The firewall hypothesis

For each motor behavior, a particular sub-network has to be ‘carved out’ of an anatomically continuous spinal network so that activity is confined to the relevant motor pools. We propose that ‘confinement’ in the balanced state is achieved by a ‘fire-wall effect’ surrounding the active network. The neurons in the functional network are active because the parallel increase in inhibitory and excitatory activity brings the average membrane potential from a hyperpolarized low conductance level to a high conductance level near threshold for action potentials. These active neurons are surrounded by neurons in which the balanced increase in inhibitory and excitatory activity is less intense. Such neurons will depolarize less and the synaptically induced fluctuations in membrane potential will not reach threshold. This ‘subliminal fringe’ of neurons could act as a fire-wall to prevent the active network activity from spreading and at the same time make synaptic ‘break-in’ from the outside difficult due to the shunting effect of the high conductance state.

Origin of time scale

In oscillator models dynamics come directly from the kinetics of channels and synaptic interactions. At present it is not clear if varied temporal dynamics in balanced networks can emerge from synaptic interactions alone or require additional mechanisms like synaptic habituation or accumulating changes in membrane potential. In the case of the scratch rhythm the fundamental question is if the scratch period is defined by the dynamics of the constituent neurons or emerges from distributed synaptic interactions or by a combination as proposed for respiration (Feldman and Del Negro 2006). This would entail that the rhythm is the result of self-organization of the large-scale network activity. In such a situation the time scale of the network rhythm does not have to be reflected in the time scale of the activity of its neurons in isolation. This type of macroscopic slow time scales have been observed in other self-organizing biological systems, such as nest building by ants, honey combs building by bees, and mounds by termites to mention some (Camazine et al. 2001). The time scale of activity of its constituents (ants, bees, and termites) is much faster than the macroscopic outcome (the nest, comb, and mounds). In a similar fashion the spinal motor rhythms could be a slow emergent network property of the much faster activity of the constituent neurons. Although this analogy is appealing, it remains to be molded into a concrete theory and investigated experimentally.
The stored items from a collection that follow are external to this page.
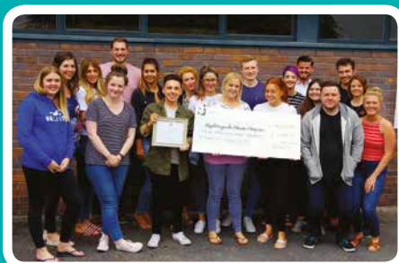
Sizzix Lifestyle climbed Snowdon and raised £4,936.72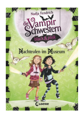
The Vampire Sisters black & pink - Night Owls in the Museum (Vol. 6)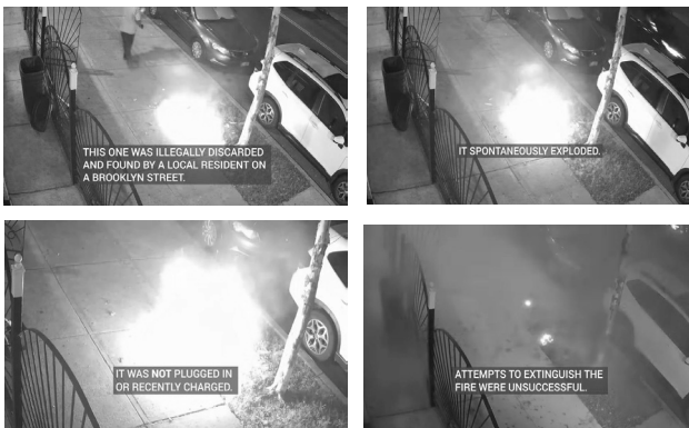
WHAT YOU NEED TO KNOW ABOUT E-SAFETY (SEE NEXT PAGE)

Lithium-ion batteries that have been damaged or tampered with are particularly dangerous. One such battery that was discarded on a City street burned for 10 minutes, continuously exploding and spreading flaming debris. See the video at: YouTube Link . For information about safe disposal of lithium-ion batteries, visit www.FDNYsmart.org .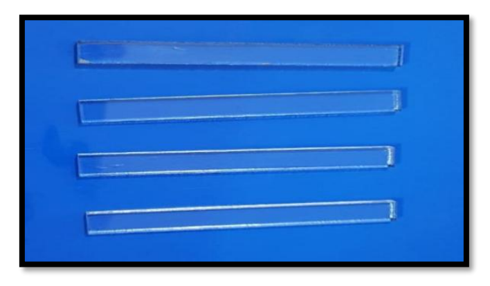
Fig. 1. Plastic patterns for the required impact strength test

In this study, plastic strips were made via cutting plastic plates using the laser-cutting machine as illustrated in Fig. 1. Acrylic samples (80 mm length x 10 mm width x 4 mm thickness) were made according to ISO.179-1, 2000 for unnotched specimens.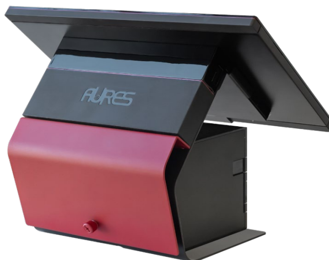
TWIST-P "all-in-one" Mini-Pack (¾ back view) with printer positioned under the screen

Terri WRIGHT AURES UK terri.wright@ares.com 01928 599 966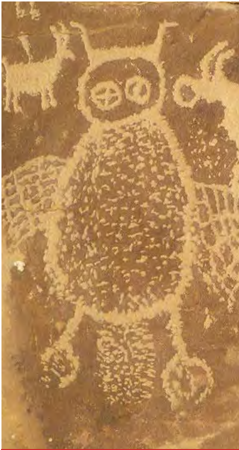
NINE MILE CANYON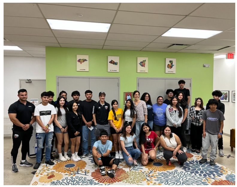
D.C. United visits with Pillars youth participants at Casa Chirilagua.

The Pillars Series is based on seven pillars: Goal Setting, Relationships, Responsibility, Self Confidence, Discipline, Service, and Leadership. To help deliver the message the task force enlisted successful individuals from many arenas to lead a discussion, we bookended the second series at Casa Chirilagua with D.C. United soccer players, along with participation by a real estate professional, professional musician, and fitness trainer. The Pillars series provides a blueprint for success so the youth can be a Pillar of their Family, their Community, and their Future. Following the series, about half of the participants surveyed reported a heightened passion for a specific personal or professional goal.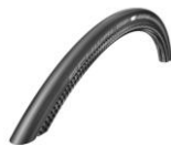
NSW070107 Schwalbe One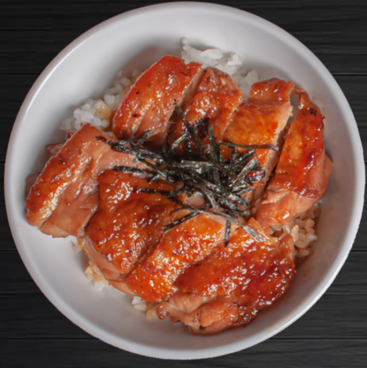
TERIYAKI CHICKEN DON P190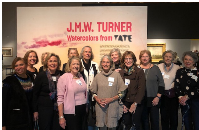
Several Sustainers joined the Greenwich League to see the J.M.W. Turner Watercolor exhibit at Mystic Seaport in November.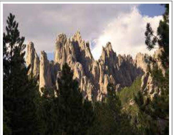
Custer State Park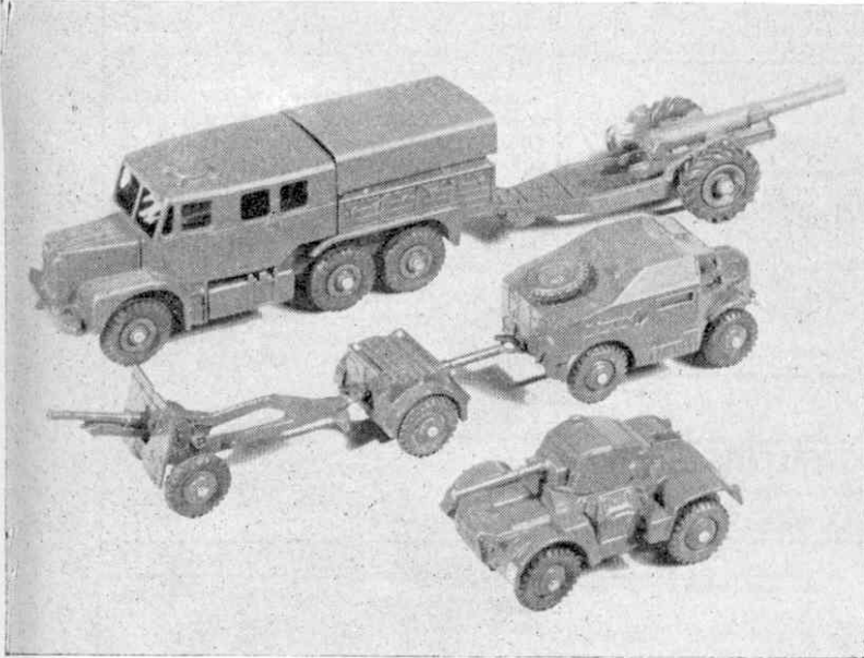
Examples from the 'army' section: from the back, No. 689 Medium Artillery Tractor, No. 693 7-2" Howitzer, No. 686 25-pounder Field Gun, No. 687 Trailer for 25-pounder Field Gun, No. 688 Field Artillery Tractor, No. 670 Armoured Car.

You must also remember that the range of available models does not remain unaltered for long. New miniatures are constantly being introduced and old ones withdrawn. Try to get those that you think might quickly disappear from the market because, once a Dinky has been withdrawn, there is little chance of it being re-introduced.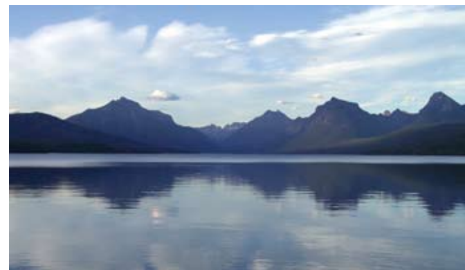
Lake McDonald from Apgar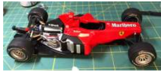
“Tamiya Ferrari F2001”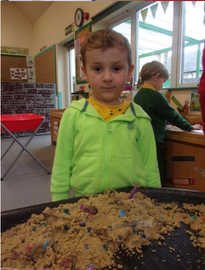
Role-playing hairdressers, sand play, junk modelling and building towers with magnetic shapes.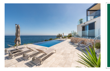
Cala Murada search for property MAL-121528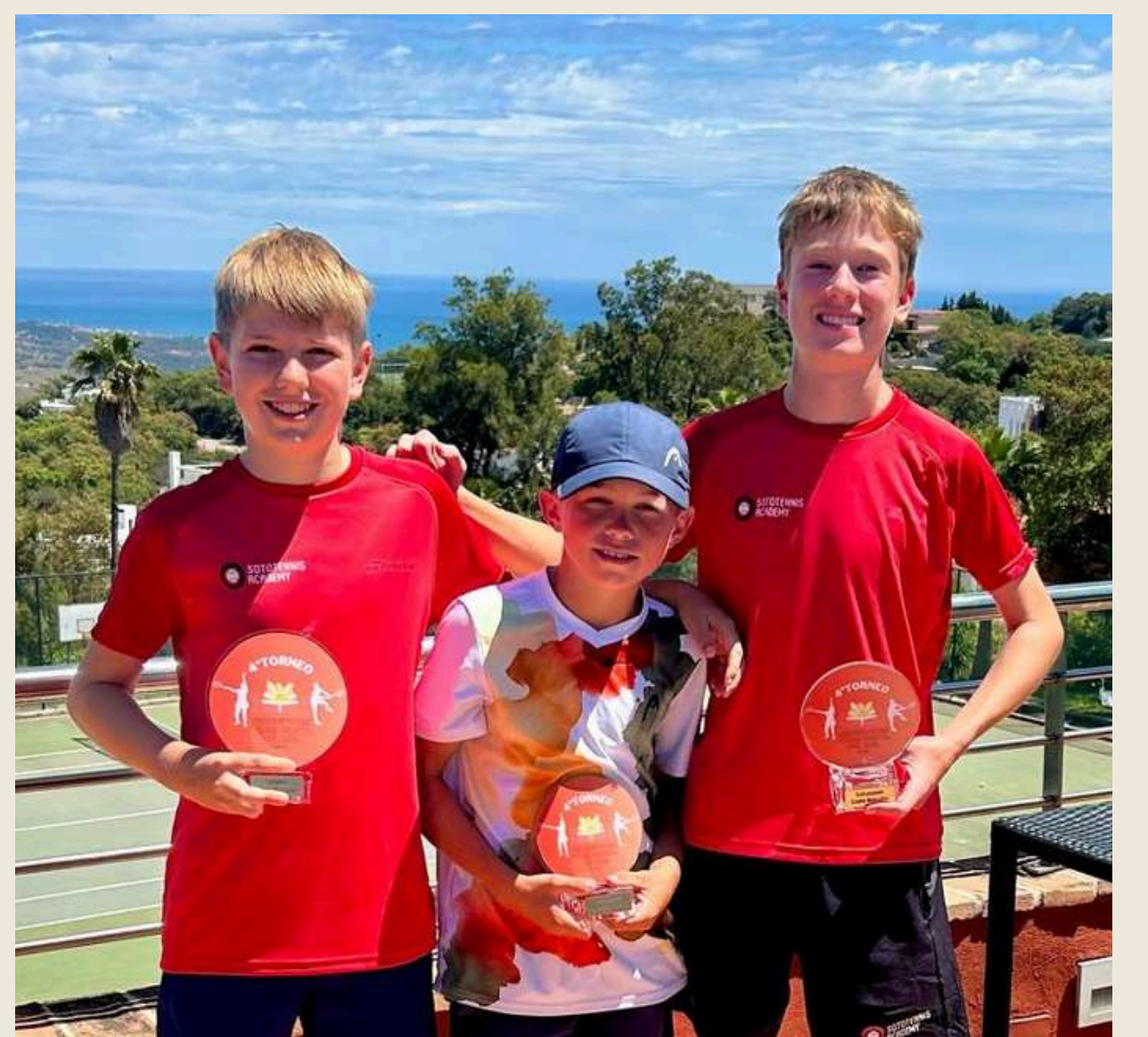
Hofssaes Tournament Champions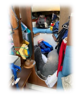
Figure 4: Eddy lashed to the beam for jumping ship in France but avoided the carnage of a rough passage.

In summary, we have presented a dilemma in the approach to large-scale functional networks of neurons. If their modus operandi is based on weakly coupled neurons with non-linear intrinsic response properties, then it is necessary to characterize these properties in the constituent cell types in each network and reveal how they respond to naturally occurring synaptic input patterns. It is equally important to unravel the anatomical connectivity. On the other hand, in the case of high conductance states the global mechanisms of network activity should be approached from the statistical nature of the fluctuations in membrane conductance, membrane potential and firing rate in individual cells during functional network activity. The circuit architecture that leads to parallel increase in inhibitory and excitatory synaptic activity must be identified (Miura et al. 2007). In addition, major focus should be on identifying the avalanche that leads from particular external input to the appropriate behavior, in our case how a light brush on the carapace generates a network state for the appropriate scratch form. What are the network mechanisms that stabilize a few distinct behavioral modes in a continuous large-scale network and secure their differential selection by external synaptic input?

The experimental resolution of these dilemmas is crucial for the development of more specific understanding of the relation between signal processing at the cellular level and circuit function in large-scale networks.